WHAT TO DO :: Leaving the images out, output each entry below exactly.

====

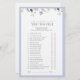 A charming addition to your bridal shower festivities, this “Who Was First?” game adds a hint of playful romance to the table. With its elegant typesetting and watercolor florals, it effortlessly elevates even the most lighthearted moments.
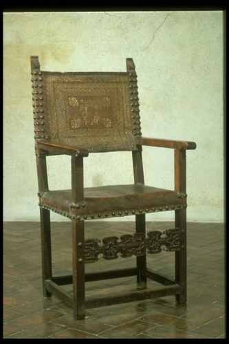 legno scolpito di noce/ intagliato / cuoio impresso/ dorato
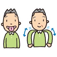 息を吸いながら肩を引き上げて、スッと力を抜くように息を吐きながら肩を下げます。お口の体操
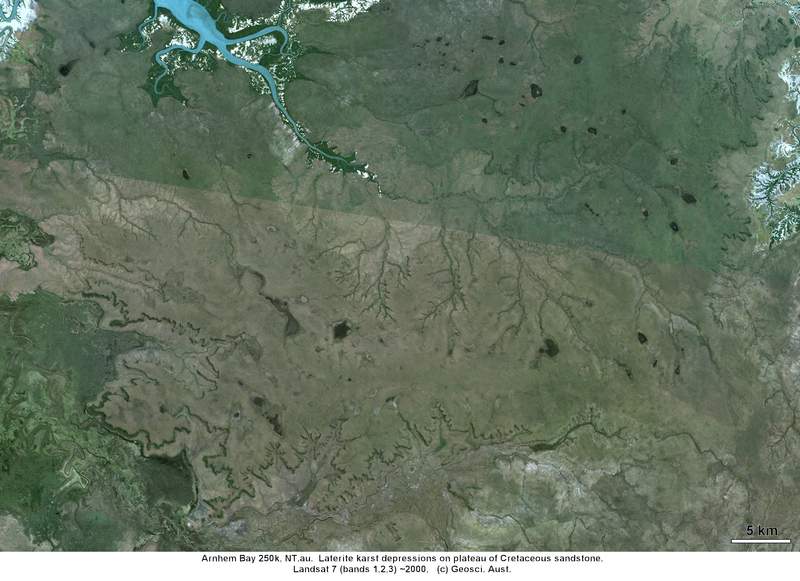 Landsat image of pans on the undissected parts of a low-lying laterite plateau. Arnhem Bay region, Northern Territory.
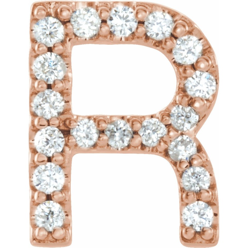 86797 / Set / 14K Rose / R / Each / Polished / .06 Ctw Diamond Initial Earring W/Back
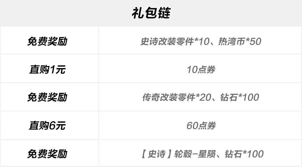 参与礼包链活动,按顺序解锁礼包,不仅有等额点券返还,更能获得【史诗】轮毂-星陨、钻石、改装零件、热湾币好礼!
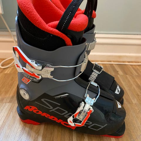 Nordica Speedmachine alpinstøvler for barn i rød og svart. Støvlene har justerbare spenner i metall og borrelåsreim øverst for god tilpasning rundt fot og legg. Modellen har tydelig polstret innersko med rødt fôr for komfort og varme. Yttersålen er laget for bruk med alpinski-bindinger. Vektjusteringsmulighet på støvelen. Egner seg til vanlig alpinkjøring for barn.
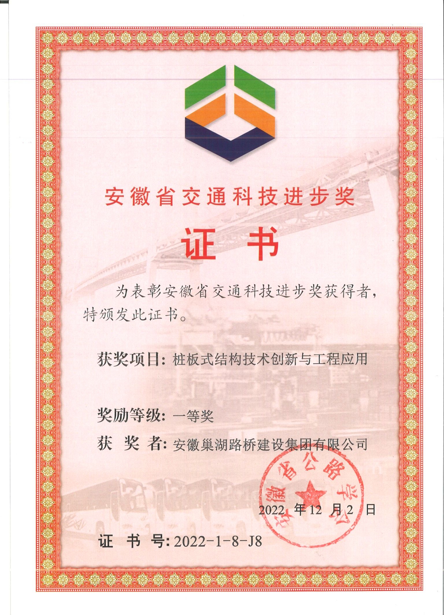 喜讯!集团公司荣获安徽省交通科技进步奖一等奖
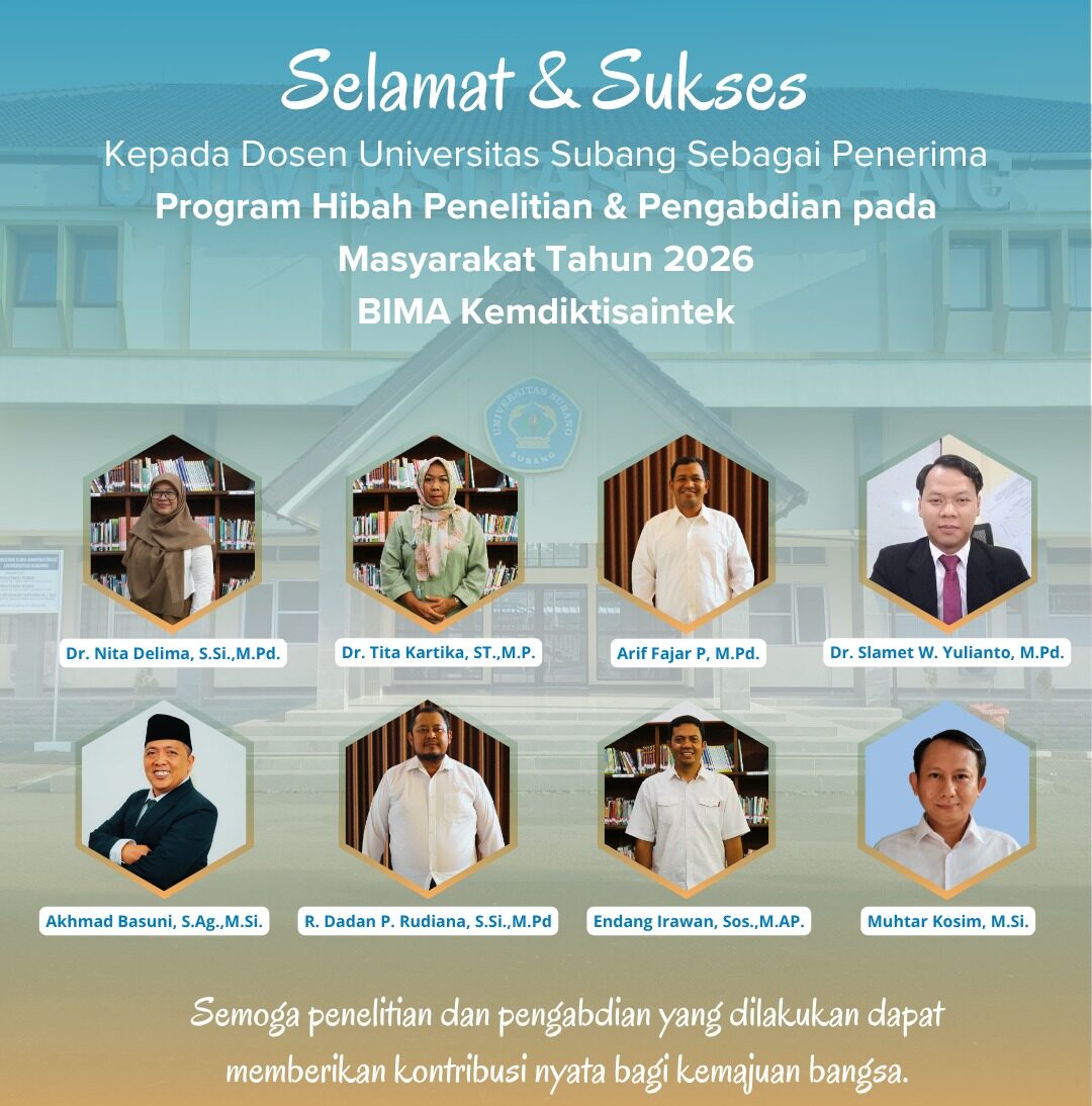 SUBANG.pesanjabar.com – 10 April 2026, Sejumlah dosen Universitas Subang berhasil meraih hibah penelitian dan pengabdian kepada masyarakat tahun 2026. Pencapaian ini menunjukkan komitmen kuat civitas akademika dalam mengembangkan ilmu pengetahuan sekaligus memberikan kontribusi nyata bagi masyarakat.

====

RESPONSE BELOW ::
 A charming addition to your bridal shower festivities, this “Who Was First?” game adds a hint of playful romance to the table. With its elegant typesetting and watercolor florals, it effortlessly elevates even the most lighthearted moments.
 legno scolpito di noce/ intagliato / cuoio impresso/ dorato
 息を吸いながら肩を引き上げて、スッと力を抜くように息を吐きながら肩を下げます。お口の体操
 Landsat image of pans on the undissected parts of a low-lying laterite plateau. Arnhem Bay region, Northern Territory.
 86797 / Set / 14K Rose / R / Each / Polished / .06 Ctw Diamond Initial Earring W/Back
 参与礼包链活动,按顺序解锁礼包,不仅有等额点券返还,更能获得【史诗】轮毂-星陨、钻石、改装零件、热湾币好礼!
 Nordica Speedmachine alpinstøvler for barn i rød og svart. Støvlene har justerbare spenner i metall og borrelåsreim øverst for god tilpasning rundt fot og legg. Modellen har tydelig polstret innersko med rødt fôr for komfort og varme. Yttersålen er laget for bruk med alpinski-bindinger. Vektjusteringsmulighet på støvelen. Egner seg til vanlig alpinkjøring for barn.
 喜讯!集团公司荣获安徽省交通科技进步奖一等奖
 SUBANG.pesanjabar.com – 10 April 2026, Sejumlah dosen Universitas Subang berhasil meraih hibah penelitian dan pengabdian kepada masyarakat tahun 2026. Pencapaian ini menunjukkan komitmen kuat civitas akademika dalam mengembangkan ilmu pengetahuan sekaligus memberikan kontribusi nyata bagi masyarakat.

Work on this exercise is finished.